There are up to four outputs assuming everything is significant, each output is a list or a ggplot object.

As shown above, from here you can also just use DEET_enrichment_plot directly to have some more control over these plots.

Scatterplots of correlations for DEET enrichment

This function also takes the direct output from DEET_enrich and generates scatterplots of the correlations of studies whose log2FCs are significantly correlated with the input DE list.

Input

correlation_input - The DE_correlations object that is the output of the DEET_enrich function. It only works if there was at least one study that was significantly correlated.

Outputs

  • A list of ggplot objects showing the scatterplot between the coefs of the inputted DE list and the correlated study within DEET. The X axis shows the correlation coefficient, the Y axis shows the name of the enriched study, and the coloured points are genes that are DE in both studies.

Using DEET gene lists with other studies and enriching two input lists simultaneously.

As mentioned previously, the genesets within DEET are easily transferrable to other gene set enrichment datasets.

Saving DEET gene set for GSEA, gprofiler, etc.

One option is to download the *gmt files diretly from our ftp. http://wilsonlab.org/public/DEET_data/DEET_DE.gmt Is directly compatible with these tools.

The other option would be to save the downloaded DEET gmt as a gmt file.
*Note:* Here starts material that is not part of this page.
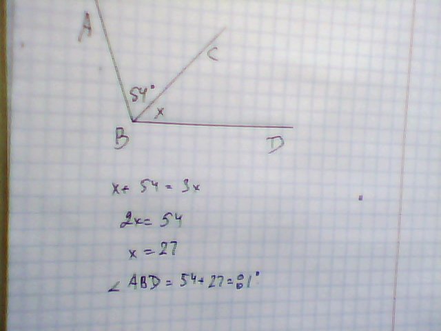 Луч BC проходит внутри угла АВD. Найдите угол ABD, если угол ABC 54, а угол CBD в три раза меньше угла ABC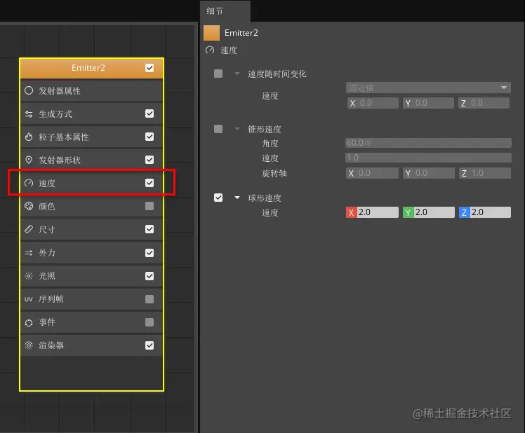 点击发射器节点中的“速度”属性分类后,按照下图设置速度参数。

This is completed using the ActivePathways R package. Instead of using the example data as shown below, please use the full dataset.
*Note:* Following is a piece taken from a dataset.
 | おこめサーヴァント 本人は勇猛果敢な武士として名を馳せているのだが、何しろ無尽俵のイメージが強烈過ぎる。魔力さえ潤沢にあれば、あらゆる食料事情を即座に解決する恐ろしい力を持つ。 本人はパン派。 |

Instead of saving to a temporary directory like in this vignette, save the file wherever you want the directory to be saved.

Outputs

The outputs of using ActivePathways are the same as DEET_enrich() but with a couple extra columns. * evidence: Whether the DEET comparison is enriched because of one gene list, both gene lists, or an integrated version of these gene lists * Genes_colname: The genes that contributed to enrichment from each inputted gene list.